Week 7: Function Approximation

  • Why function approximation?
  • Linear function approximation
  • Feature engineering
  • Convergence considerations


Week 8: Deep Q-Networks (DQN)

  • Neural networks for value approximation
  • Experience replay
  • Target networks
  • Common pitfalls and solutions


Week 9: Policy Gradient Methods

  • REINFORCE algorithm
  • Policy gradient theorem
  • Baseline techniques
  • Actor-critic methods

Part III: Advanced Topics & Applications (Weeks 10-13)

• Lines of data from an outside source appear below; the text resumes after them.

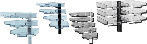 "description": "rotative à 360°, avec max. 6 plateaux, Plateaux transparents, Pied en différents coloris",
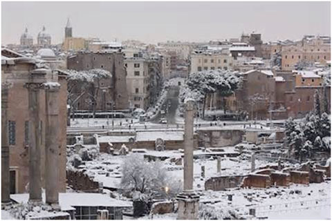 Fig. 6. Via Cavour che sbocca su Via dei Fori Imperiali, vista dal Foro Romano. La nevicata è probabilmente quella del Natale 1939.
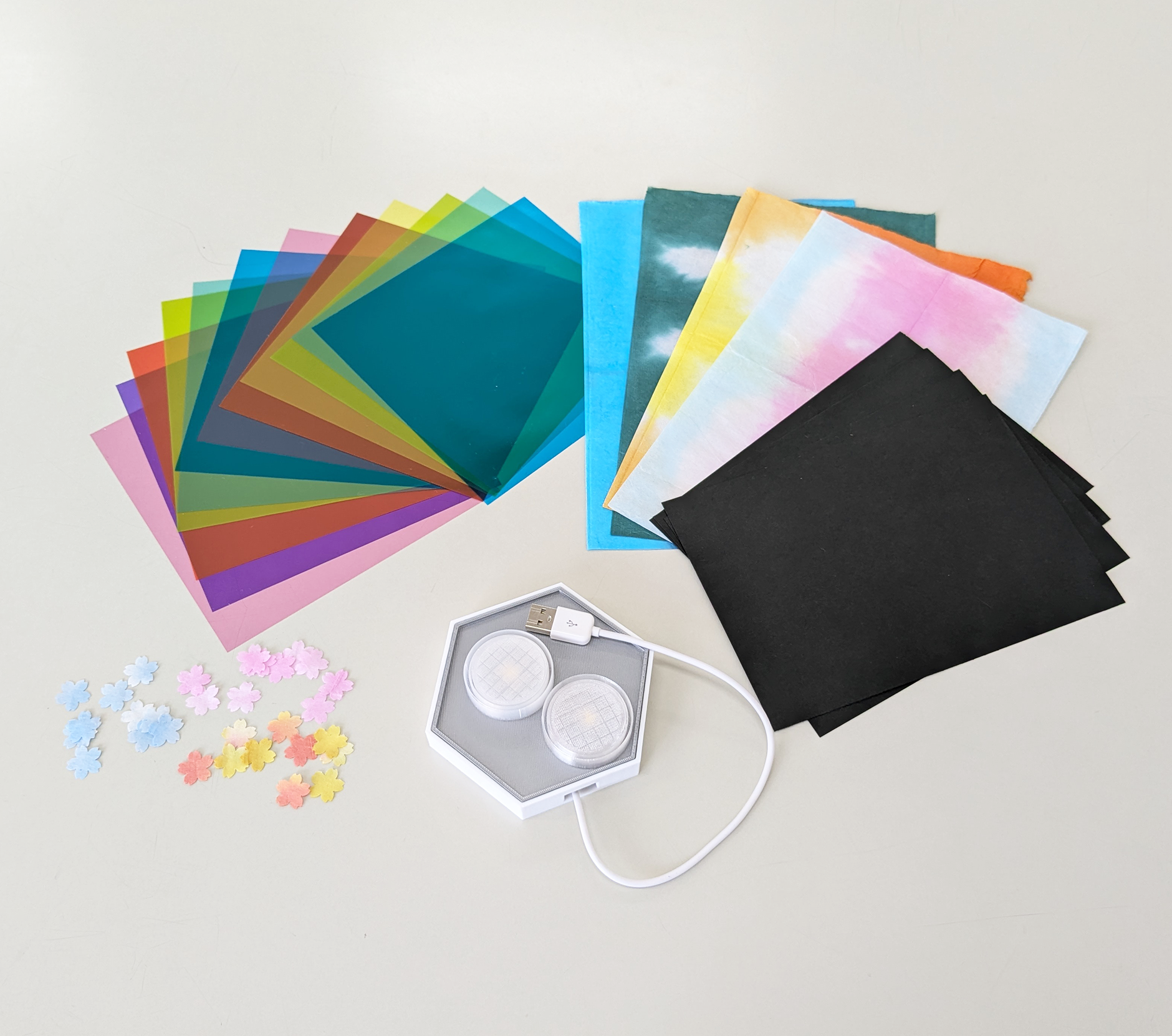 ・ランプシェードの材料(透明フィルム、和紙、桜型の和紙、黒いケント紙)
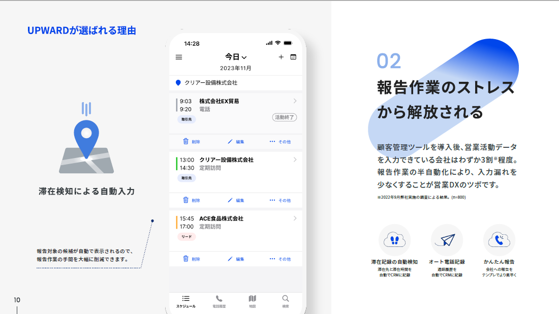 【利用継続率99.0%!】スマホで簡単に使える営業DXツール UPWARD
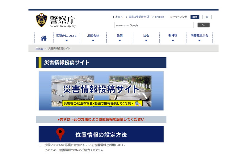 警察庁、大規模災害時に被災画像を募集する「災害情報投稿サイト」の運用を開始
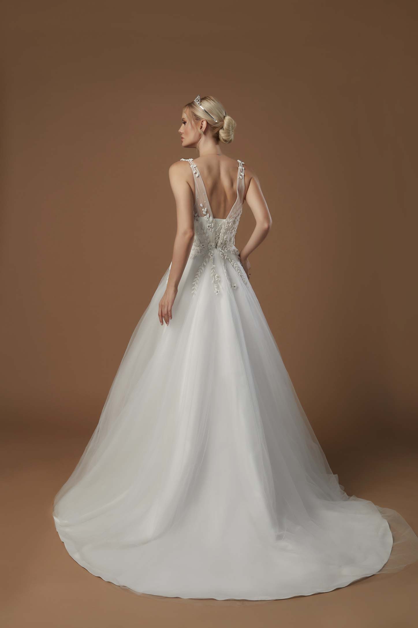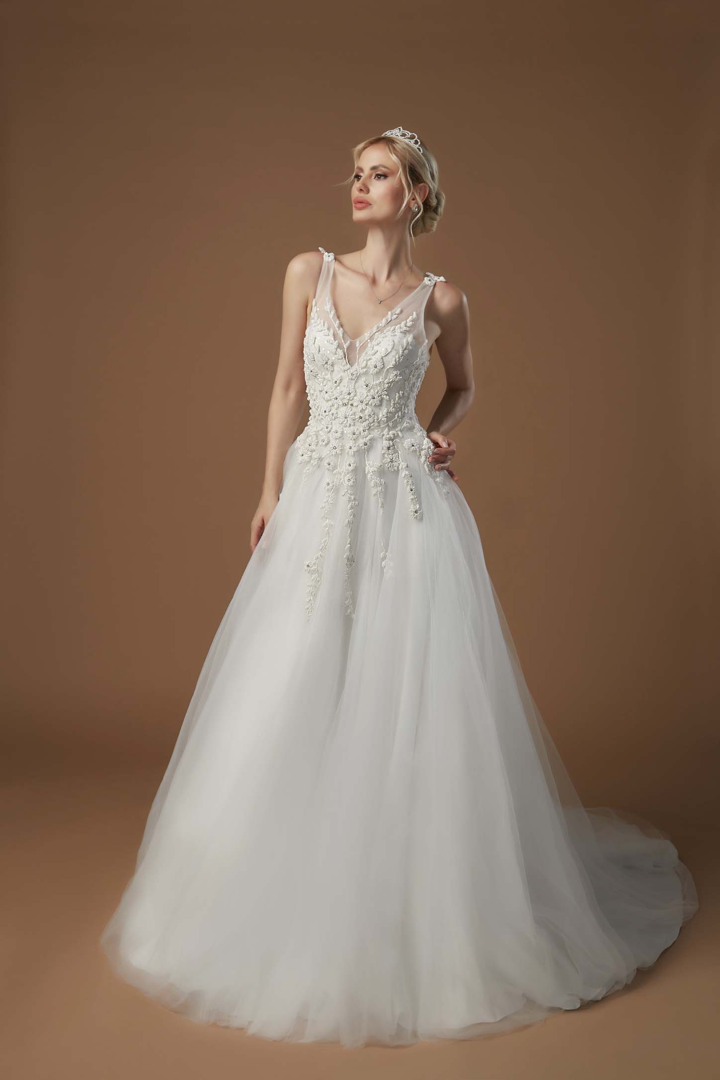Nakışlı ve kristal boncuk işlemeli gelinlik

Week 10: Exploration vs. Exploitation

  • Multi-armed bandits
  • Epsilon-greedy, UCB, Thompson sampling
  • Exploration in deep RL
  • Curiosity-driven learning


Week 11: Reward Shaping & Design

  • Reward engineering challenges
  • Reward shaping techniques
  • Inverse reinforcement learning (intro)
  • Common reward specification mistakes


Week 12: RL in Practice

  • Hyperparameter tuning
  • Debugging RL agents
  • Benchmarking and evaluation
  • Sim-to-real transfer considerations


Week 13: Case Studies

  • Robotics applications
  • Game playing (Chess, Go, video games)
  • Recommendation systems
  • Resource management

Part IV: Final Projects (Weeks 14-16)


Week 14-15: Project Development

  • Work on final projects
  • In-class project consultations
  • Peer feedback sessions


Week 16: Final Presentations

  • Student project presentations
  • Course wrap-up and future directions


Prerequisites

Required:

  • Programming: Proficient in Python
  • Mathematics:
    • Linear algebra (vectors, matrices)
    • Probability (random variables, expectations)
    • Calculus (derivatives, gradients)
  • Machine Learning: Basic ML concepts (supervised learning, neural networks)

Recommended:

  • Previous coursework in algorithms and data structures
  • Experience with NumPy, PyTorch, or TensorFlow
  • Exposure to optimization methods


Course Format

  • Lectures: 2x per week (75 minutes each)
    • Mix of theory, examples, and live coding
    • Interactive discussions and Q&A
  • Lab Sessions: Weekly (90 minutes)
    • Guided implementation exercises
    • Algorithm debugging practice
    • Office hours for project help
  • Programming Assignments: 5 assignments
    • Implement core RL algorithms
    • Apply to provided environments
    • Analyze and report results
  • Final Project: Team-based (2-3 students)
    • Propose an RL application
    • Implement and evaluate solution
    • Written report and presentation


Assessment

  • Programming Assignments (40%): 5 assignments, 8% each
  • Midterm Exam (20%): Covering weeks 1-7
  • Final Project (30%): Report (20%) + Presentation (10%)
  • Participation (10%): Class engagement and lab attendance


Textbooks & Resources

Primary Textbook

  • Sutton & Barto: “Reinforcement Learning: An Introduction” (2nd ed)
    • Free online: http://incompleteideas.net/book/the-book-2nd.html

Supplementary Resources

  • OpenAI Spinning Up in Deep RL
  • DeepMind x UCL RL Lecture Series
  • Selected research papers on key topics

Software & Tools

  • Python 3.8+
  • OpenAI Gym / Gymnasium
  • PyTorch or TensorFlow
  • Weights & Biases (for experiment tracking)


Course Policies

Collaboration Policy

  • Assignments: Discuss concepts but write your own code
  • Projects: Full collaboration within teams
  • Exams: Individual work only

Late Policy

  • Assignments: 20% penalty per day late (max 3 days)
  • Projects: No late submissions (presents at scheduled time)

Academic Integrity

  • Cite all external resources and code
  • Do not share code with other students
  • Plagiarism will result in course failure


Expected Workload

  • Lectures: 2.5 hours/week
  • Lab sessions: 1.5 hours/week
  • Assignments: 5-8 hours/week
  • Project: 10-15 hours/week (final 3 weeks)
  • Total: ~10-12 hours/week


Coming Soon

Detailed assignment specifications, starter code, and lecture slides will be made available once the course is scheduled.